Please reproduce all of the data exactly as it appears, but skip the pictures.

*** DATA BELOW

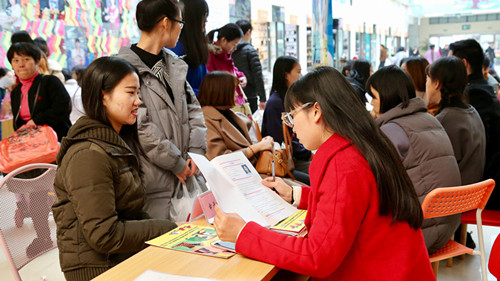 招聘会现场,学生们踊跃投出简历
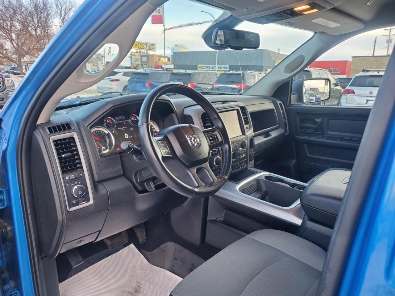 Now available at Platinum Auto Sport in Saskatoon, this 2023 RAM 1500 Classic Tradesman is an outstanding option for anyone looking for a dependable full-size pickup with low kilometres and serious capability. Finished in the rare and eye-catching Republic Services Blue with a durable Grey Cloth interior, this RAM is built for job sites, hauling, towing, and everyday driving across Saskatchewan.
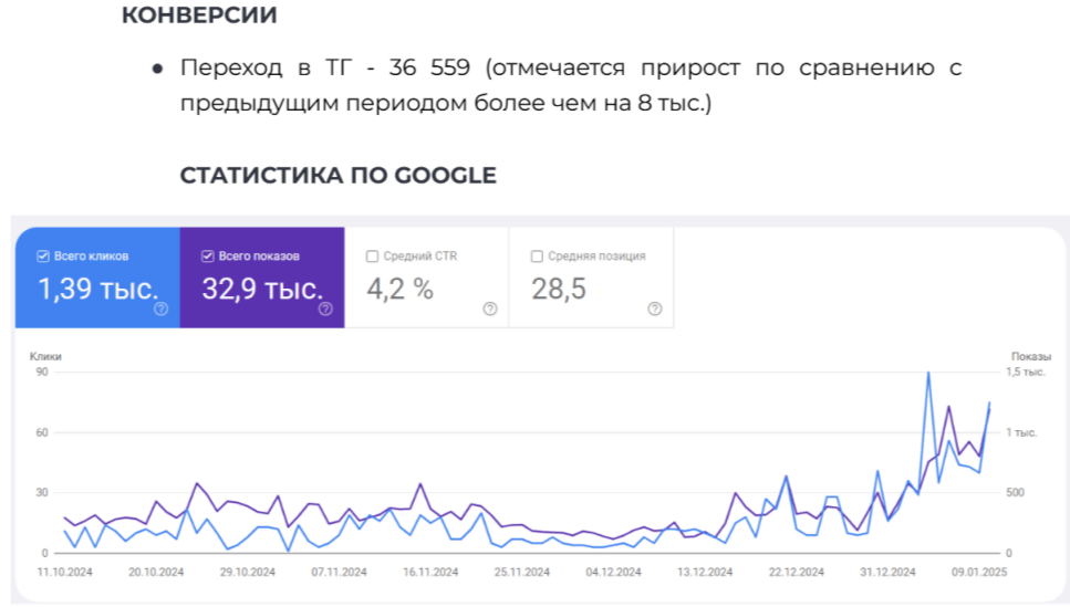 2. Увеличение трафика: За период продвижения органический трафик на сайт увеличился более чем на 120%, что подтверждает эффективность выбранной стратегии.
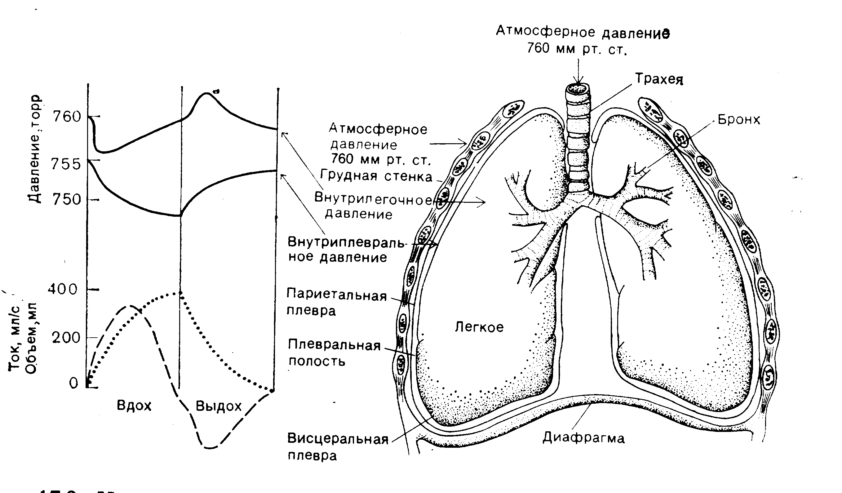 Расширение легкого снижает (на время) общее внутрилегочное (альвеолярное) давление. Оно равно атмосферному, когда воздух не движется, а голосовая щель открыта. Оно ниже атмосферного, пока легкие не наполнятся при вдохе, и выше атмосферного при выдохе. Внутриплевральное давление тоже меняется на протяжении дыхательного движения; но оно всегда ниже атмосферного (т. е. всегда отрицательное).

******

• **OUTPUT FOR THIS EXERCISE**:
 招聘会现场,学生们踊跃投出简历
 Now available at Platinum Auto Sport in Saskatoon, this 2023 RAM 1500 Classic Tradesman is an outstanding option for anyone looking for a dependable full-size pickup with low kilometres and serious capability. Finished in the rare and eye-catching Republic Services Blue with a durable Grey Cloth interior, this RAM is built for job sites, hauling, towing, and everyday driving across Saskatchewan.
 2. Увеличение трафика: За период продвижения органический трафик на сайт увеличился более чем на 120%, что подтверждает эффективность выбранной стратегии.
 Расширение легкого снижает (на время) общее внутрилегочное (альвеолярное) давление. Оно равно атмосферному, когда воздух не движется, а голосовая щель открыта. Оно ниже атмосферного, пока легкие не наполнятся при вдохе, и выше атмосферного при выдохе. Внутриплевральное давление тоже меняется на протяжении дыхательного движения; но оно всегда ниже атмосферного (т. е. всегда отрицательное).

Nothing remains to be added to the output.